Records for processing -
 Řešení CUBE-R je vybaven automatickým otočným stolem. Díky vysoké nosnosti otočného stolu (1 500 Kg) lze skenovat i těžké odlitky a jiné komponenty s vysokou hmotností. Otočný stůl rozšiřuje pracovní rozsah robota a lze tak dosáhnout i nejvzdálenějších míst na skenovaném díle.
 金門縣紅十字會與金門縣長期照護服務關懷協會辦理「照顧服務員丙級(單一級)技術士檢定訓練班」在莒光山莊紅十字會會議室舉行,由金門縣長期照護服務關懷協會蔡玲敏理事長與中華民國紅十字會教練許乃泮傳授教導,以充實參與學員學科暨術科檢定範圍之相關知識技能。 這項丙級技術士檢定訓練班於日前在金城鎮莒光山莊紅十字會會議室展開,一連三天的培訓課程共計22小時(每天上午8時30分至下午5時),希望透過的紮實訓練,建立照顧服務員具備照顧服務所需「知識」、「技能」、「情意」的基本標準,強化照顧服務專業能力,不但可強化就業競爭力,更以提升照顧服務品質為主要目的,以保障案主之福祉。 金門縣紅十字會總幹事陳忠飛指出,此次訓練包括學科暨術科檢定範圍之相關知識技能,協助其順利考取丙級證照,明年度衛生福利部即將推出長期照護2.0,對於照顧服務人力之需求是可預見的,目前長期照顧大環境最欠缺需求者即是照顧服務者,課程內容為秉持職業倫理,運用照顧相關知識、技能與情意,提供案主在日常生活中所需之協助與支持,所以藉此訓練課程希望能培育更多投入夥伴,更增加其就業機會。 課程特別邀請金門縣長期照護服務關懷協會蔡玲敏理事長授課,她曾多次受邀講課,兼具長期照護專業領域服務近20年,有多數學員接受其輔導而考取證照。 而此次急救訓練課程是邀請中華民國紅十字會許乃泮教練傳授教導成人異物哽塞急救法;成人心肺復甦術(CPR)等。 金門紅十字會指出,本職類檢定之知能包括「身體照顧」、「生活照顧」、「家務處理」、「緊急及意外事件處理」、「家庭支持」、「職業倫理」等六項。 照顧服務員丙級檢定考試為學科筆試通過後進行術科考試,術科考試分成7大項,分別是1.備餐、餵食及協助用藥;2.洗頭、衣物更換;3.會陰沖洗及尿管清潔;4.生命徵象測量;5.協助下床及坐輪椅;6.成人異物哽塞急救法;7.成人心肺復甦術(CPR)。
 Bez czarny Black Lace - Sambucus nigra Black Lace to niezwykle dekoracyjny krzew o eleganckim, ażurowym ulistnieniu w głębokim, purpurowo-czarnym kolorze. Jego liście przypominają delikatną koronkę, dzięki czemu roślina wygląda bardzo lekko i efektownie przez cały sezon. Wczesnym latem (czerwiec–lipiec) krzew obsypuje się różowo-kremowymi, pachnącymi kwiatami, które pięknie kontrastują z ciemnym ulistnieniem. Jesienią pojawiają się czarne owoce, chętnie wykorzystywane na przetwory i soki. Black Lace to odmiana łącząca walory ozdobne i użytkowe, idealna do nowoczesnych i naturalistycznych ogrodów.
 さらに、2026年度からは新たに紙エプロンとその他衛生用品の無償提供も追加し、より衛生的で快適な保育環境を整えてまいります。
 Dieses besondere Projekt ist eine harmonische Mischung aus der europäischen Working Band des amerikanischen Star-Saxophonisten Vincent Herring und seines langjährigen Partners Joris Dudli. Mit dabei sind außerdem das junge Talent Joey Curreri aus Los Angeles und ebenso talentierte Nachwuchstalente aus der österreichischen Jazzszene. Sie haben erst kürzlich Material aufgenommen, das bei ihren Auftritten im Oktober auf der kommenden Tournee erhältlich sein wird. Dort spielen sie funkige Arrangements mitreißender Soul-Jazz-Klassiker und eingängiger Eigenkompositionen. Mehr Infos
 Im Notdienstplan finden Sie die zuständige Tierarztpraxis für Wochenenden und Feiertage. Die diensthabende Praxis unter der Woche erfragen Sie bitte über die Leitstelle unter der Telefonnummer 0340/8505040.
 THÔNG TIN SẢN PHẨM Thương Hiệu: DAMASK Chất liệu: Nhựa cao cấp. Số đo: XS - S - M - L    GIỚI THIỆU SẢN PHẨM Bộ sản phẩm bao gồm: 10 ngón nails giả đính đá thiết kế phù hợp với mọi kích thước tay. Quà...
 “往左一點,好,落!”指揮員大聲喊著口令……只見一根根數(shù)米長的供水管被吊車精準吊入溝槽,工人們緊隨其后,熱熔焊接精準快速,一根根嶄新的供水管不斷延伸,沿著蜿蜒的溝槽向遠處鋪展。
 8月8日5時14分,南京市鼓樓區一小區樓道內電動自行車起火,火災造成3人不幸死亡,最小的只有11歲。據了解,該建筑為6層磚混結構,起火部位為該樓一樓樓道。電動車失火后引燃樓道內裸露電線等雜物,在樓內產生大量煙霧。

Problem - Make a faithful copy of every record above.

Task solution -
 Řešení CUBE-R je vybaven automatickým otočným stolem. Díky vysoké nosnosti otočného stolu (1 500 Kg) lze skenovat i těžké odlitky a jiné komponenty s vysokou hmotností. Otočný stůl rozšiřuje pracovní rozsah robota a lze tak dosáhnout i nejvzdálenějších míst na skenovaném díle.
 金門縣紅十字會與金門縣長期照護服務關懷協會辦理「照顧服務員丙級(單一級)技術士檢定訓練班」在莒光山莊紅十字會會議室舉行,由金門縣長期照護服務關懷協會蔡玲敏理事長與中華民國紅十字會教練許乃泮傳授教導,以充實參與學員學科暨術科檢定範圍之相關知識技能。 這項丙級技術士檢定訓練班於日前在金城鎮莒光山莊紅十字會會議室展開,一連三天的培訓課程共計22小時(每天上午8時30分至下午5時),希望透過的紮實訓練,建立照顧服務員具備照顧服務所需「知識」、「技能」、「情意」的基本標準,強化照顧服務專業能力,不但可強化就業競爭力,更以提升照顧服務品質為主要目的,以保障案主之福祉。 金門縣紅十字會總幹事陳忠飛指出,此次訓練包括學科暨術科檢定範圍之相關知識技能,協助其順利考取丙級證照,明年度衛生福利部即將推出長期照護2.0,對於照顧服務人力之需求是可預見的,目前長期照顧大環境最欠缺需求者即是照顧服務者,課程內容為秉持職業倫理,運用照顧相關知識、技能與情意,提供案主在日常生活中所需之協助與支持,所以藉此訓練課程希望能培育更多投入夥伴,更增加其就業機會。 課程特別邀請金門縣長期照護服務關懷協會蔡玲敏理事長授課,她曾多次受邀講課,兼具長期照護專業領域服務近20年,有多數學員接受其輔導而考取證照。 而此次急救訓練課程是邀請中華民國紅十字會許乃泮教練傳授教導成人異物哽塞急救法;成人心肺復甦術(CPR)等。 金門紅十字會指出,本職類檢定之知能包括「身體照顧」、「生活照顧」、「家務處理」、「緊急及意外事件處理」、「家庭支持」、「職業倫理」等六項。 照顧服務員丙級檢定考試為學科筆試通過後進行術科考試,術科考試分成7大項,分別是1.備餐、餵食及協助用藥;2.洗頭、衣物更換;3.會陰沖洗及尿管清潔;4.生命徵象測量;5.協助下床及坐輪椅;6.成人異物哽塞急救法;7.成人心肺復甦術(CPR)。
 Bez czarny Black Lace - Sambucus nigra Black Lace to niezwykle dekoracyjny krzew o eleganckim, ażurowym ulistnieniu w głębokim, purpurowo-czarnym kolorze. Jego liście przypominają delikatną koronkę, dzięki czemu roślina wygląda bardzo lekko i efektownie przez cały sezon. Wczesnym latem (czerwiec–lipiec) krzew obsypuje się różowo-kremowymi, pachnącymi kwiatami, które pięknie kontrastują z ciemnym ulistnieniem. Jesienią pojawiają się czarne owoce, chętnie wykorzystywane na przetwory i soki. Black Lace to odmiana łącząca walory ozdobne i użytkowe, idealna do nowoczesnych i naturalistycznych ogrodów.
 さらに、2026年度からは新たに紙エプロンとその他衛生用品の無償提供も追加し、より衛生的で快適な保育環境を整えてまいります。
 Dieses besondere Projekt ist eine harmonische Mischung aus der europäischen Working Band des amerikanischen Star-Saxophonisten Vincent Herring und seines langjährigen Partners Joris Dudli. Mit dabei sind außerdem das junge Talent Joey Curreri aus Los Angeles und ebenso talentierte Nachwuchstalente aus der österreichischen Jazzszene. Sie haben erst kürzlich Material aufgenommen, das bei ihren Auftritten im Oktober auf der kommenden Tournee erhältlich sein wird. Dort spielen sie funkige Arrangements mitreißender Soul-Jazz-Klassiker und eingängiger Eigenkompositionen. Mehr Infos
 Im Notdienstplan finden Sie die zuständige Tierarztpraxis für Wochenenden und Feiertage. Die diensthabende Praxis unter der Woche erfragen Sie bitte über die Leitstelle unter der Telefonnummer 0340/8505040.
 THÔNG TIN SẢN PHẨM Thương Hiệu: DAMASK Chất liệu: Nhựa cao cấp. Số đo: XS - S - M - L    GIỚI THIỆU SẢN PHẨM Bộ sản phẩm bao gồm: 10 ngón nails giả đính đá thiết kế phù hợp với mọi kích thước tay. Quà...
 “往左一點,好,落!”指揮員大聲喊著口令……只見一根根數(shù)米長的供水管被吊車精準吊入溝槽,工人們緊隨其后,熱熔焊接精準快速,一根根嶄新的供水管不斷延伸,沿著蜿蜒的溝槽向遠處鋪展。
 8月8日5時14分,南京市鼓樓區一小區樓道內電動自行車起火,火災造成3人不幸死亡,最小的只有11歲。據了解,該建筑為6層磚混結構,起火部位為該樓一樓樓道。電動車失火后引燃樓道內裸露電線等雜物,在樓內產生大量煙霧。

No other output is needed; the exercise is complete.